July 2015

Several agents that I know have encountered appraisals that were so stunningly low, that the purchase contact fell off and died. This can be the number one death of a contract- not the price, not the closing date, not the people-the appraisals. That is why it is so important to price your home just right. So many times when I am speaking to people about selling their homes, they will let me know that “the house across the street sold for…..” or “ …last year, when my neighbor moved, she got….” Or my personal favorite; “I would like ___ dollars per square foot for my house”. The problem with all these common scenarios, besides the fact that the Sellers’ home may not have the same quality updates as these houses, is that appraisers are going to come in and may burst everybody’s bubble to safeguard the Buyers’ lender.*

To come up with the proper price, I do my due diligence and study the homes that are in the neighborhood and develop a Comparative Market Analysis (CMA) of your home, based on similar homes in the neighborhood within a distance.
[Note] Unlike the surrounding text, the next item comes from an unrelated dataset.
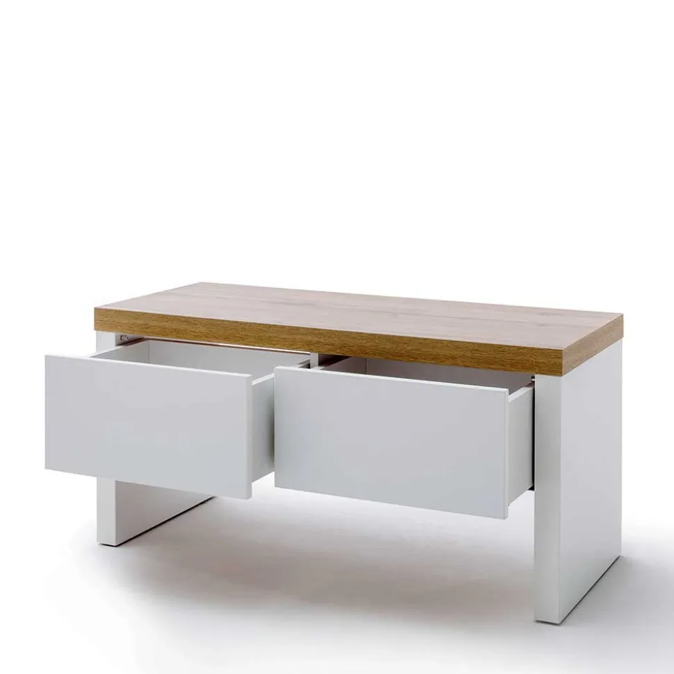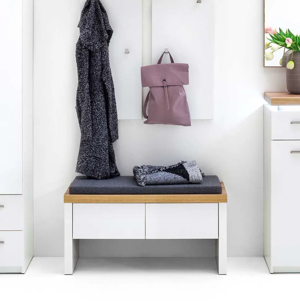- Robuste Garderobenbank in Weiß und Wildeichefarben

If you have a multi-level split home, with 4 bedrooms, 2.5 baths and a two car garage, I will look at house that have sold, are in contract, and still on the market that have the same amenities; so I will try to shun houses that are not like yours to get you the right price and avoid the disaster of a low appraisal.   Let me give you an example of what I mean from the Buyers’ side of the situation.

Suppose you are in the market to buy a house, you find it- your dream house, and they are asking $330,900. You really didn’t want to spend that much but you have had an eye on the house for years, you love the neighborhood, and you and your kids have friends that live around the corner. So you offer $310,000 and hold your breath…. Great news! They (begrudgingly) accept! You are in contract. Everyone is excited and relieved and thinking about packing. Your lender orders a licensed, professional appraisal to be done to ensure that the money they are lending you makes good financial sense. The appraisal report comes in and your dream house is worth, according to the appraiser ……..$270,000. The Sellers’ are not happy because they have already come down $21,000 to accept the offer, the Buyers’ aren’t happy because their lender will not lend more than the appraiser’s opinion. This could end in disaster unless the Sellers’ agree to come down even more. This whole thing would have been averted had they priced the house correctly.

*The appraiser will only compare, among other criteria, similar houses that sold within 6 months of the contract.